Так случалось каждый раз, когда мы бывали у Рузвельта. Орсон, как всегда, сделал вид, что ничего не понимает, и улегся на пол поближе к холодильнику.

– Так себя вести нельзя, – обратился к нему Рузвельт.

Орсон зевнул.

Носком ботинка Рузвельт постучал по стулу, предназначавшемуся для собаки.

– Будь умным песиком.

Орсон зевнул еще более фальшиво, нежели в первый раз. Он явно переигрывал.

– Я ведь могу встать, взять тебя на руки и насильно посадить на стул, но это будет оскорблением для твоего хозяина, которому хотелось бы, чтобы ты, находясь в гостях, вел себя вежливо, – проговорил Рузвельт.
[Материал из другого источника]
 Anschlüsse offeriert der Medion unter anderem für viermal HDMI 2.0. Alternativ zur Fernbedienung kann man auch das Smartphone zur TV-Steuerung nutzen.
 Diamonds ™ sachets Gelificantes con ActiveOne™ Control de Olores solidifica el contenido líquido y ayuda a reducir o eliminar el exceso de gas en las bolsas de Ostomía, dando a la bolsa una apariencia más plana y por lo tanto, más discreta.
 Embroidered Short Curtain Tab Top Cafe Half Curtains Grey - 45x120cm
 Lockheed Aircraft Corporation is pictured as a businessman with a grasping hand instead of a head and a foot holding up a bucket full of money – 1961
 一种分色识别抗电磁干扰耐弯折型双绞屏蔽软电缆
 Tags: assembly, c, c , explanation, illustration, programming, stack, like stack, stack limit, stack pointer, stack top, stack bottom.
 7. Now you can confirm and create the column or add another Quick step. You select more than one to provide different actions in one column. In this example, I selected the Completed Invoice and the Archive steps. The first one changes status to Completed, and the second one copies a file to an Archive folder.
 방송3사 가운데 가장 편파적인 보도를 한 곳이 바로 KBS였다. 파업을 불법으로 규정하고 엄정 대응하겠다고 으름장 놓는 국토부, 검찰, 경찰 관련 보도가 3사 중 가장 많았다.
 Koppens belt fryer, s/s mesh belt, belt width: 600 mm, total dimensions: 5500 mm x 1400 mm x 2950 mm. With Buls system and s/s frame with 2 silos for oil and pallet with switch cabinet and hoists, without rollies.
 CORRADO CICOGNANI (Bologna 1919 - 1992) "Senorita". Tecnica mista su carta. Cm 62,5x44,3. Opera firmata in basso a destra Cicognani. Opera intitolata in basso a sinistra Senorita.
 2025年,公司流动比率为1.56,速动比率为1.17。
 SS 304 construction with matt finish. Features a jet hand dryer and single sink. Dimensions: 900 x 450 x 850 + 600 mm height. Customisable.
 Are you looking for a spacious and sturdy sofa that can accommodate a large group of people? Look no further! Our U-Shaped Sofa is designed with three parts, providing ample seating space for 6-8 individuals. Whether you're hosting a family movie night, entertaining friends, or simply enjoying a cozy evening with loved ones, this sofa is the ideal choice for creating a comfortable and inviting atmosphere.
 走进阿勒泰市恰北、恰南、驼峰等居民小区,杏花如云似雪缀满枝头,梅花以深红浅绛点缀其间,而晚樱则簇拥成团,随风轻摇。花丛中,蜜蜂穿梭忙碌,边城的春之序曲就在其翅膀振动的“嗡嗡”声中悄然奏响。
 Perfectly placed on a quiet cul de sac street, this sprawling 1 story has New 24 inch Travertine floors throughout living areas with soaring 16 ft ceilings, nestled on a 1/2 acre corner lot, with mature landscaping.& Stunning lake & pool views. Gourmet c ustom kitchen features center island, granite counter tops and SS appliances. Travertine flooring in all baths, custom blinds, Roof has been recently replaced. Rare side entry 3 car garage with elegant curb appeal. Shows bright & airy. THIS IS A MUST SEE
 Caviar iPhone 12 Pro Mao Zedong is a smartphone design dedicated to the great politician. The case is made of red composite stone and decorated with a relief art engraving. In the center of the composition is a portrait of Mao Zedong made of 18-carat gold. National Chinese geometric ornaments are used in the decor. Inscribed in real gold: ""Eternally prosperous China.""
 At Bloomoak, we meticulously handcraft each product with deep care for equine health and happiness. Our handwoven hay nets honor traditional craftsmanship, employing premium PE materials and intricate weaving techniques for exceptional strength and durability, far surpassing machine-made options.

Он говорил доброжелательно, и в голосе его не было угрозы. Его широкое лицо напоминало маску Будды, а в глазах светилась доброта и ласка.

– Будь же умным песиком, – повторил Рузвельт.

Орсон шаркнул по полу хвостом, сделал вид, что ловит блоху, а затем перевел взгляд с Рузвельта на меня и склонил голову набок. Я пожал плечами. Рузвельт снова легонько постучал ботинком по стулу.

Орсон поднялся с пола, но не торопился приближаться к столу.